_Description of the task_:
Copy the lines below as they are; omit the images they contain.

_Source information_:
------------------------------------------------
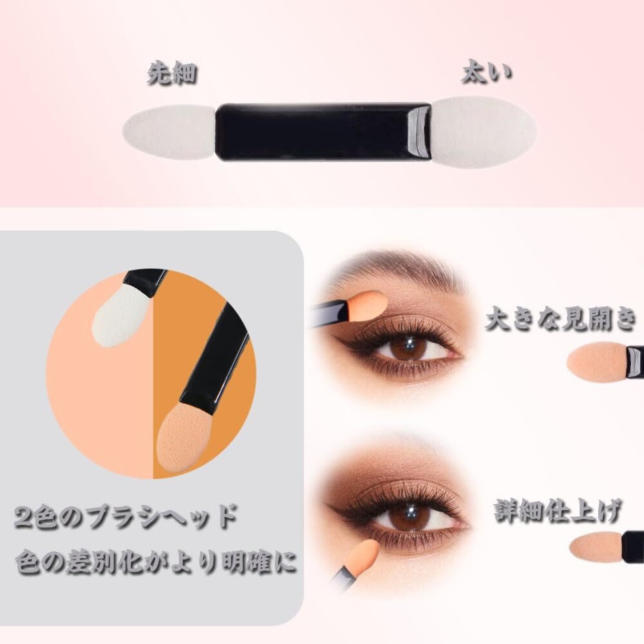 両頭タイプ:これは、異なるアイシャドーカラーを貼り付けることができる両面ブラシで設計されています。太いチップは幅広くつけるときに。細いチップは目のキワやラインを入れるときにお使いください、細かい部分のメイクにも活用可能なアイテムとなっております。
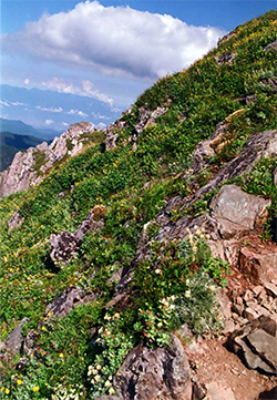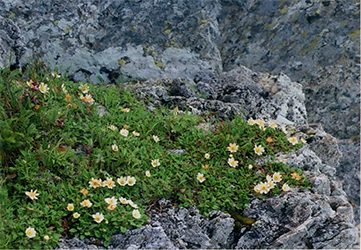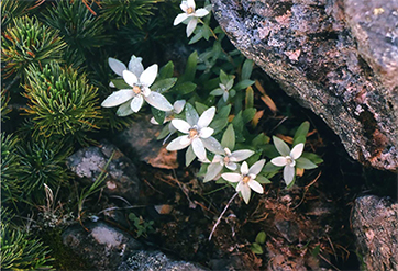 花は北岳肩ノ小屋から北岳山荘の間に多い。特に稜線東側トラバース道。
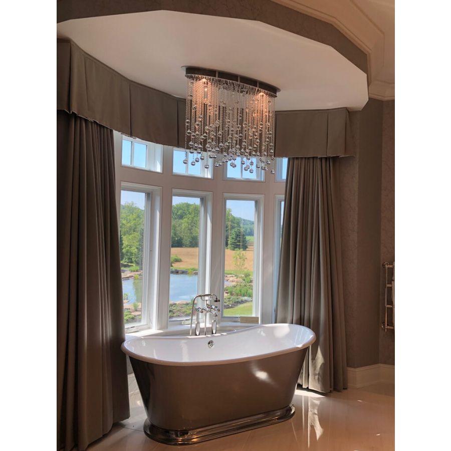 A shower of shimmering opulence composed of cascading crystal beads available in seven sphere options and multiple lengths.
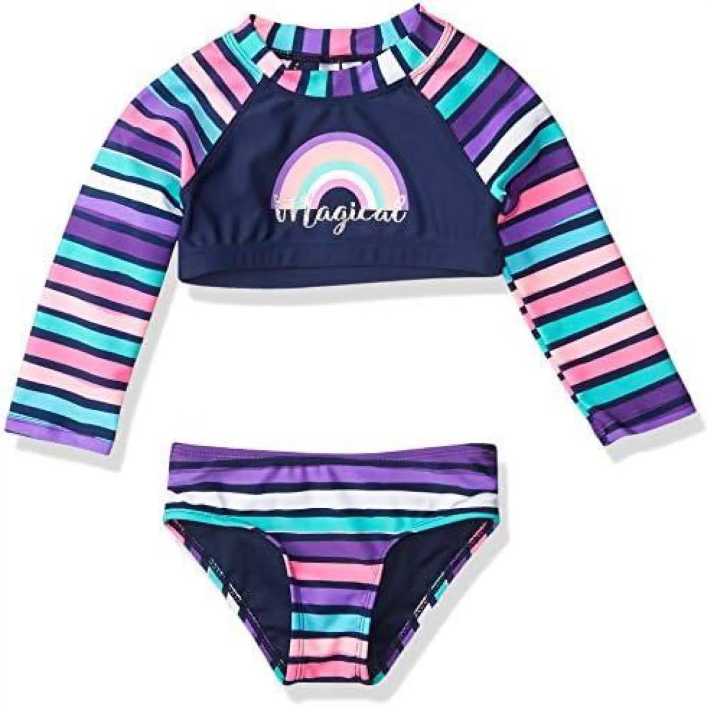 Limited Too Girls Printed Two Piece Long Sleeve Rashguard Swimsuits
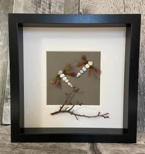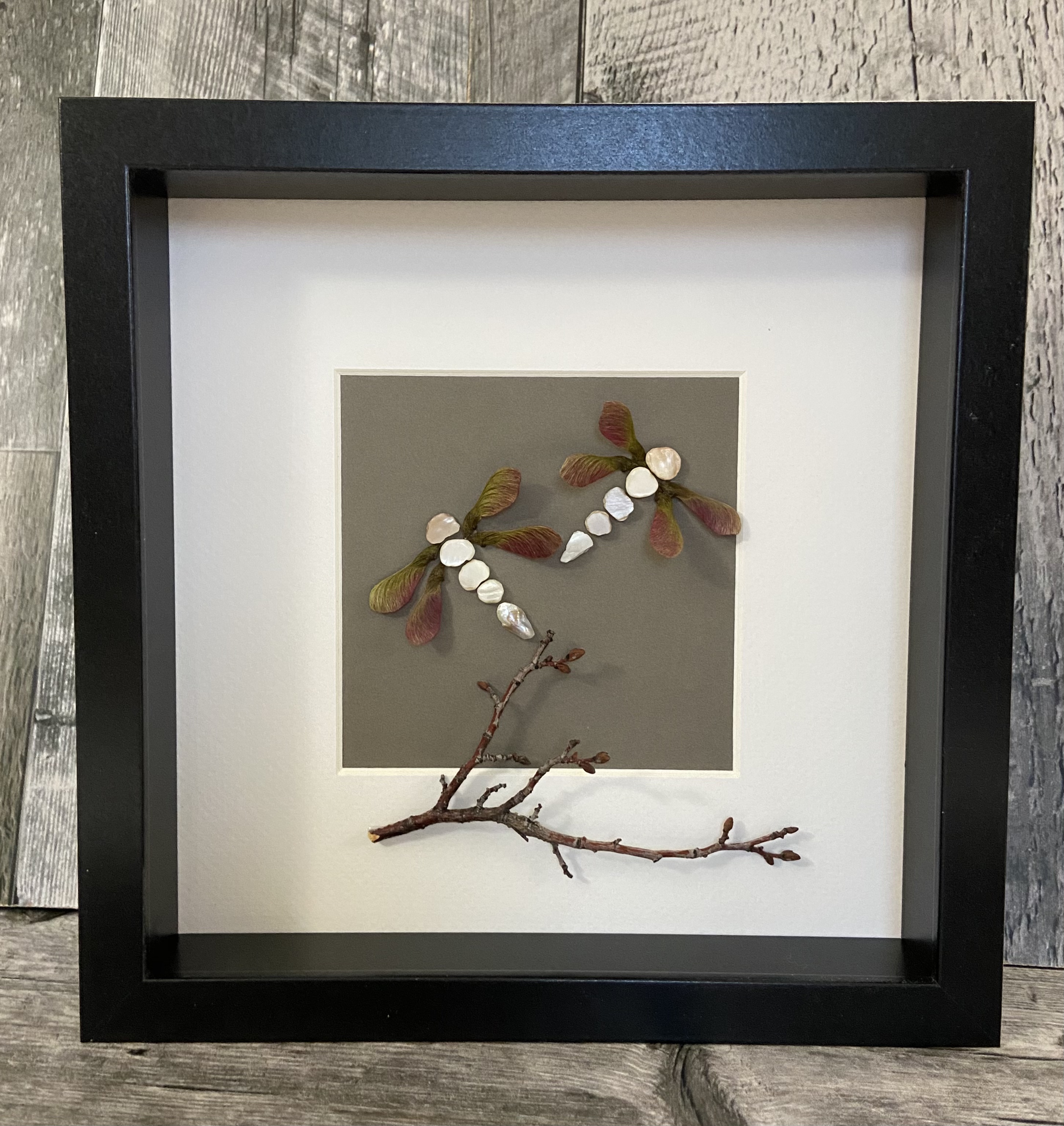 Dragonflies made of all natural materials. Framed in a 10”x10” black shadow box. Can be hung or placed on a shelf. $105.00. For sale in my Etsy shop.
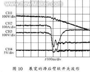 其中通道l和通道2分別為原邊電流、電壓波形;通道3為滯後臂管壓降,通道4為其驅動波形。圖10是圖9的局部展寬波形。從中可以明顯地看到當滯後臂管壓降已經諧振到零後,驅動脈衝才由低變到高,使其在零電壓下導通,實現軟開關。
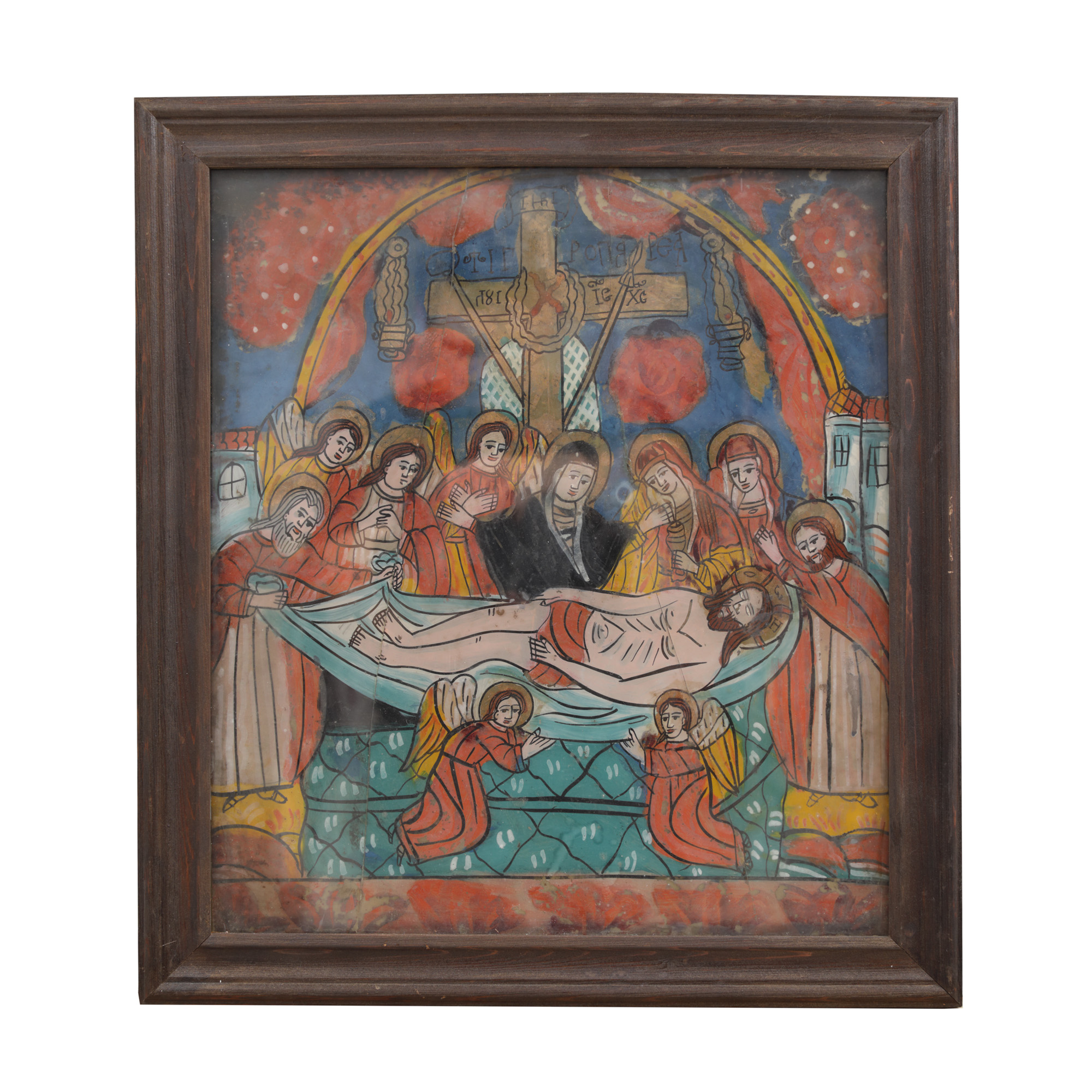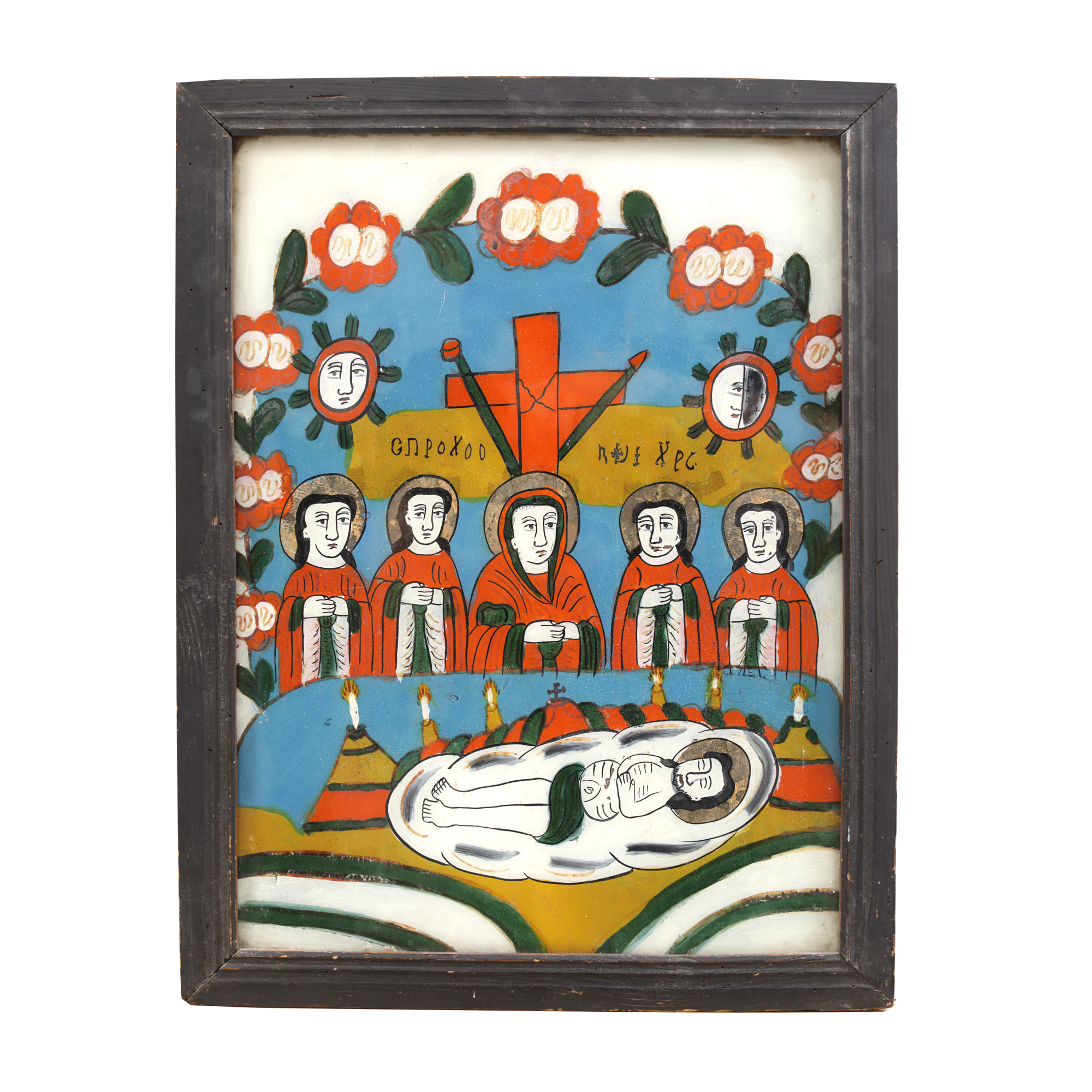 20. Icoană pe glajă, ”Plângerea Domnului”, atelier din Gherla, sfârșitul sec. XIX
------------------------------------------------
_Exercise answer_:
 両頭タイプ:これは、異なるアイシャドーカラーを貼り付けることができる両面ブラシで設計されています。太いチップは幅広くつけるときに。細いチップは目のキワやラインを入れるときにお使いください、細かい部分のメイクにも活用可能なアイテムとなっております。
 花は北岳肩ノ小屋から北岳山荘の間に多い。特に稜線東側トラバース道。
 A shower of shimmering opulence composed of cascading crystal beads available in seven sphere options and multiple lengths.
 Limited Too Girls Printed Two Piece Long Sleeve Rashguard Swimsuits
 Dragonflies made of all natural materials. Framed in a 10”x10” black shadow box. Can be hung or placed on a shelf. $105.00. For sale in my Etsy shop.
 其中通道l和通道2分別為原邊電流、電壓波形;通道3為滯後臂管壓降,通道4為其驅動波形。圖10是圖9的局部展寬波形。從中可以明顯地看到當滯後臂管壓降已經諧振到零後,驅動脈衝才由低變到高,使其在零電壓下導通,實現軟開關。
 20. Icoană pe glajă, ”Plângerea Domnului”, atelier din Gherla, sfârșitul sec. XIX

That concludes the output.